Digital pens could prevent the next Avian Flu or West Nile Fever.
How's that? Yep, digital pens. You might have heard some of the growing buzz among tech writers about a new one, the Pulse from a company called Livescribe. Essentially they are devices that look like standard pens but use digital cameras, wireless positioning technology or special paper, even digital recorders to let users capture, store and transmit to their PCs whatever they have written. You can learn about the technology in detail from "Uniting the Paper and Digital Worlds," a new article in "Computing Now" from the IEEE Computing Society.
For those of us who take notes for a living, having a pen that can upload our scribbling to a computer in searchable form is a godsend. But for African farmers and herders, it's a matter of life and death.
Especially in Southern Africa, keeping livestock alive and healthy is both a struggle and an economic and human imperative. Some 60 percent of the population there depends on livestock production to survive. Not only is demand for livestock products growing within Africa, but African countries increasingly depend on livestock exports to fund development.
But until recently, the region has lacked the means to keep livestock free from diseases that could devastate herds and flocks and, by spreading to humans, could result in pandemics. Veterinarians are few--Malawi, for example, has none in its rural areas. Transmitting data about animal health to the government was tough without Internet access or even well developed phone systems. In many cases it took months. And in that time, infections could take a terrifying toll.
In Johannesburg, South Africa, United Nations Food and Agriculture Organization Regional Emergency
Livestock Officer Fred Musisi and Phil Fong, the UN Regional Data Information Coordinator, struggled to overcome the communications problem. Fong learned of a digital pen that could transmit data via cell phone or the Internet when he faced a similar data reporting problem while working on the South African census. The pen did the trick then, so the two men applied it to the livestock crisis.

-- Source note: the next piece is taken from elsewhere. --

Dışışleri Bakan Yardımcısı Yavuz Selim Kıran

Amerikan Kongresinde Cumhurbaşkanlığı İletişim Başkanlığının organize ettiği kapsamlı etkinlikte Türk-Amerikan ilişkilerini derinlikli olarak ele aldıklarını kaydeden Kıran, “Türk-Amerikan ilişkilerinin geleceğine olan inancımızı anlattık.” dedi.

Here's how Financial Times described their experiment in a Sept. 21 story on FT.com:
The solution, provided by Xcallibre, a subsidiary of the South African company Data World, used digital pen and paper technology from Anoto that could collect the data as the workers wrote it down, and then transmit it over the mobile network to a central server. An 18-month pilot, which received funding from the South African government, was run with 35 field workers in five countries: Namibia, Zambia, Malawi, Mozambique and Tanzania.A UN Food and Agriculture Organization report quotes Musisi on the pilot program's success: “If there is a case of rabies or an outbreak of a deadly disease, a field worker can send the detailed surveillance data immediately only using a mobile. Worst case, if there is no mobile phone network nearby, the field worker has to move to a location with network or must find the nearest Internet connection. But no longer do they have to drive hours back to a capital city before the information can be confirmed."

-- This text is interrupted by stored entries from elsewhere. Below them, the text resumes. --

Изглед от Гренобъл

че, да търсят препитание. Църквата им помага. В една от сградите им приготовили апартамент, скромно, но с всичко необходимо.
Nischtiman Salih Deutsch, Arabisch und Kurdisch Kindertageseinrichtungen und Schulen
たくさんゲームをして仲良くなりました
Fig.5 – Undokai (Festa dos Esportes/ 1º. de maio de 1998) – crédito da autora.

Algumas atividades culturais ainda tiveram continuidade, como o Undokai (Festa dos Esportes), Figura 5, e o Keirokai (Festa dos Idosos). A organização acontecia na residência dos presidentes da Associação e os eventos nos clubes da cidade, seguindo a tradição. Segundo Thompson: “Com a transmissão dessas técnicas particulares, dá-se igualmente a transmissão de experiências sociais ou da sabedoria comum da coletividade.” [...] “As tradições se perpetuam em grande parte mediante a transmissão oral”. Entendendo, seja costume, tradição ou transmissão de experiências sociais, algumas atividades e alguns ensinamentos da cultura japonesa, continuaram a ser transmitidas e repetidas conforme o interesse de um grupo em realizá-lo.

According to the report, HIV/AIDS program workers now are mulling how to apply digital pen surveillance. Having tested the approach in countries with the toughest terrain, poorest communications infrastructure and worst conditions in Africa, Fong and Musisi expect it will be easily adopted elsewhere in the region.
And as I did in my last post about African computing ingenuity, I found myself thinking once again about how much easier it would have been to use digital pens for the 2010 Census than the handheld computers that have caused such disarray.